# What is the Best Brand of Curly Weave?



## myeam (Jan 27, 2009)

My bday is coming up and I would love a curly install...BUT I have no idea of which brand of curly hair to get. 

What brand has been consistent with the quality of their curly hair?
Minimum Tangling/Shedding?
Longevity of hair?
Blends well with your hair?


----------



## myeam (Jan 27, 2009)

....bumping


----------



## myeam (Jan 27, 2009)

Awww Come On, I know somebody on here has had a nice curly weave!
all I need is a few suggestions


----------



## trj1922 (Jan 27, 2009)

I wish I had more for you, but I have never used any of the listed brands.  I've only had one weave in life and I am currently in it.  The pack said Opheratique, though I have never heard of that brand on this board.  It's pretty good but as the braids get loose I am having more issues  with tangling.  It only requires a spritz of water, a little moisturizer, and a wide tooth comb to get them out so it is a lot like dealing with a head of natural 3a/b hair I guess.  Can't really compare to anything else yet but my next install will probably be Belle Noir.


----------



## socurlyqt (Jan 27, 2009)

Boehyme Deep wave, buts its expensive. I got some Sensationell Pro-Ten, boheime curl and it was only 15 dollars a pack. Its looks better the longer you have it!~


----------



## lilsparkle825 (Jan 27, 2009)

Ediese and glamazon86 are weave experts from what I have seen...browse their fotkis. I hear a lot of rave about Bohyme Brazilian hair, but it's too rich for my blood...


----------



## mxdchiq86 (Jan 27, 2009)

i say bohyme.


----------



## lollyoo (Jan 28, 2009)

I have been looking at bohyme Brazilian, this looks like natural 3c/4a .
use the search button on the forum for bohyme brazilian.


----------



## niknik253 (Jan 28, 2009)

I currently have in the Bohyme Brazilian Wave hair! I absolutely love it! All you need is one pack of it too!


----------



## jamaicalovely (Jan 28, 2009)

I've seen the best heads in Boheyme, Wagmans, and Laniks. I have curly weave pics in my fotki.  I loved my Indique.


----------



## lashannasmall (Jan 28, 2009)

You forgot the king of all hair which is extensions plus. They have excellent curly hair


----------



## myeam (Jan 28, 2009)

Thanks for the responding ladies. I thought about adding EP to the list but I've never heard anyone talk about their curly hair, only the EPRT. Either way, EP is out of my price range right now.

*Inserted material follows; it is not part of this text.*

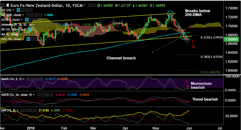 - The pair is extending consolidation after breach at channel base support, bearish technical indicators keep scope for further downside.

I would like to stay under $300.
As far as the bohyme, would it blend with my relaxed hair? I have about 3 months worth of new growth, but the brazilian wave is a tight curl...how would I blend the ends of my hair? Is it reusable?
I would like a middle part with a little of my hair out just to cover the tracks.

TIA!


----------



## missnurselady (Jan 28, 2009)

I have Bohyme Brazillian in right now and I love it. I have also used Wagmans Deep Curl, its a larger looser curl compared to the tight kinky curl that Bohyme has. Im about 8wks post so i just twist or braid my leave out hair so that it blends. Yes its reusable. I ordered mine from ebay, I paid 89.99 for 14' and split the wefts, so I only used one pack!


----------



## prettypuff1 (Feb 10, 2009)

I use laniks for my hair.. Have you visited BHM for help with this..


----------



## glamazon386 (Feb 10, 2009)

lilsparkle825 said:


> Ediese and glamazon86 are weave experts from what I have seen...browse their fotkis. I hear a lot of rave about Bohyme Brazilian hair, but it's too rich for my blood...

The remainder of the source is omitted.